Look below for the line containing "22 ИЮНЯ 1941"; from there through the line containing "Cà phê phin", both lines included, please set down each line exactly and nothing else.

● **Material to process**:
^^^^

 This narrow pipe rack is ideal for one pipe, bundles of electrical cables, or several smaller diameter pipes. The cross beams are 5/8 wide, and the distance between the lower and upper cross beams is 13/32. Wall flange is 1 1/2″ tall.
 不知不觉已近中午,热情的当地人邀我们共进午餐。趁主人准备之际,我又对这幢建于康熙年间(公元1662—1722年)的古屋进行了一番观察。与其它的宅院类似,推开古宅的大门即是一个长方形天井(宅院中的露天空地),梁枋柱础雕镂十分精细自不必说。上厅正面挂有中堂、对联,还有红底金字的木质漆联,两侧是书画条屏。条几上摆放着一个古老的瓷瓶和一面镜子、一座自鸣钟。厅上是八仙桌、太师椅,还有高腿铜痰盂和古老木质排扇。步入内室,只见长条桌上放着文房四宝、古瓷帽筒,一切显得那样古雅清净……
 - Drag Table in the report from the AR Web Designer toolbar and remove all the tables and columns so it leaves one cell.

^^^^

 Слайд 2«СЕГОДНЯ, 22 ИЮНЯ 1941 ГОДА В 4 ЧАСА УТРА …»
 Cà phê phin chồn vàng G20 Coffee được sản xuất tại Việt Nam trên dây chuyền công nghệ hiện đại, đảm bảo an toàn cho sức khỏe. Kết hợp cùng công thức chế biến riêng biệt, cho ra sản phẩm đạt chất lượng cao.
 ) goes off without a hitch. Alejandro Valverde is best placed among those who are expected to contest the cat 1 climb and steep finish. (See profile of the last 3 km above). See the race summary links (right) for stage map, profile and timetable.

^^^^

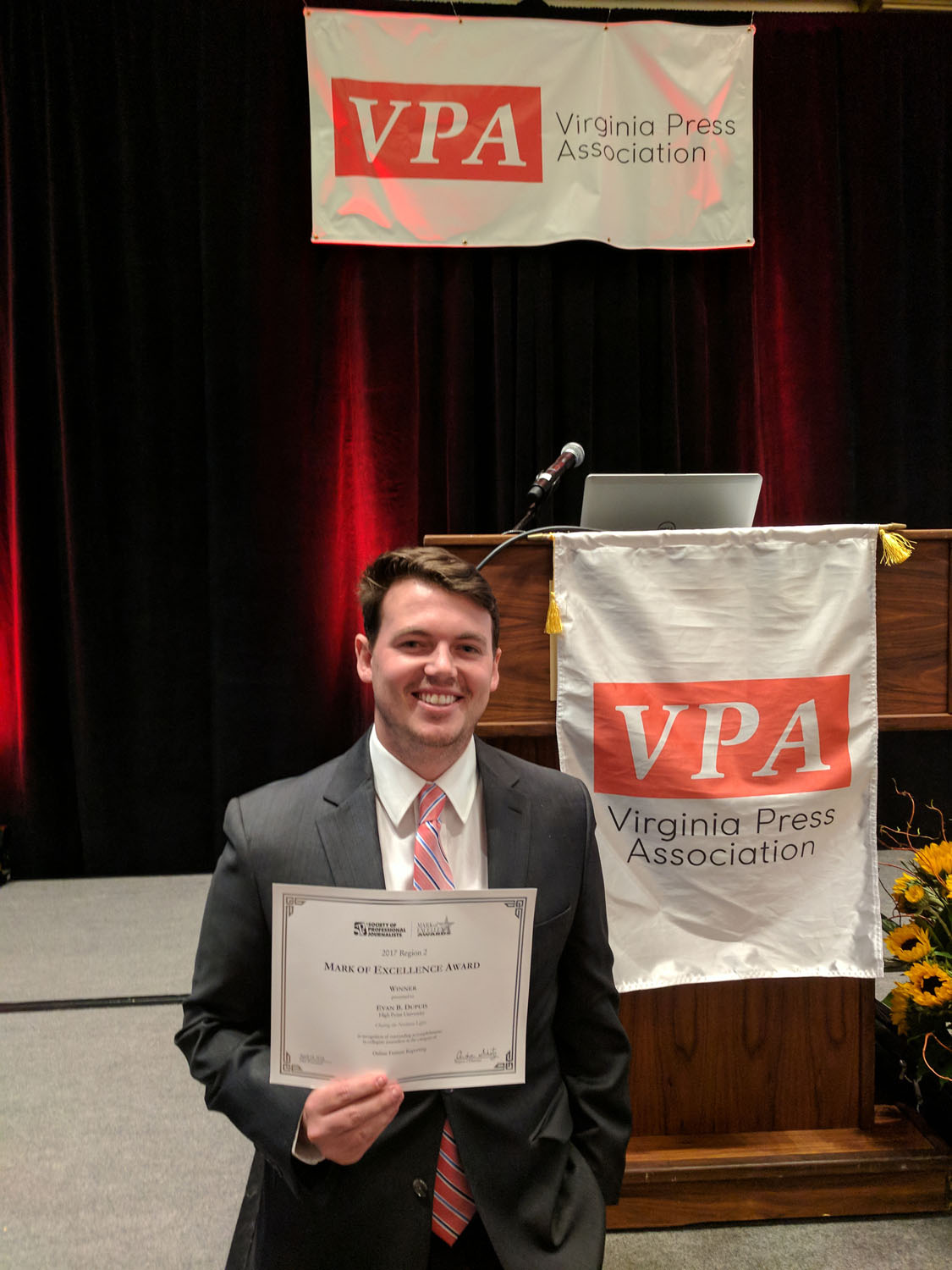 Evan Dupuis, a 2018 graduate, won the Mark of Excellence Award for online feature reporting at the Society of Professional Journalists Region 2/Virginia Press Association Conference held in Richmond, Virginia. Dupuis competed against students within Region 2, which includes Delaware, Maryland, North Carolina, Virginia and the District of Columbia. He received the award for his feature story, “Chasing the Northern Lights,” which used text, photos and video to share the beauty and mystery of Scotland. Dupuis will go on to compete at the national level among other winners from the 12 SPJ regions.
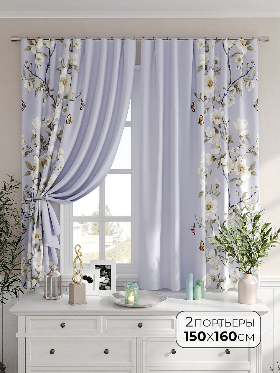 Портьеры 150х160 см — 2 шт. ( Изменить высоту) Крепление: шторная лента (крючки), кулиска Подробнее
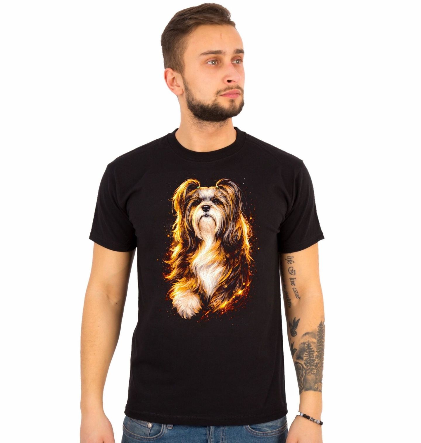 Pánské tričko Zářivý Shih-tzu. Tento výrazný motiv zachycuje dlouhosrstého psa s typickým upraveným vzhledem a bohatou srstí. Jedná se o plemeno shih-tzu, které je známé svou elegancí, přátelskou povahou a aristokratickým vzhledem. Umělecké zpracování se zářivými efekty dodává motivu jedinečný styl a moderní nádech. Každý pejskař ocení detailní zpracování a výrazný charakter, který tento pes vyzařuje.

^^^^

● **Finished task**:
 Слайд 2«СЕГОДНЯ, 22 ИЮНЯ 1941 ГОДА В 4 ЧАСА УТРА …»
 Cà phê phin chồn vàng G20 Coffee được sản xuất tại Việt Nam trên dây chuyền công nghệ hiện đại, đảm bảo an toàn cho sức khỏe. Kết hợp cùng công thức chế biến riêng biệt, cho ra sản phẩm đạt chất lượng cao.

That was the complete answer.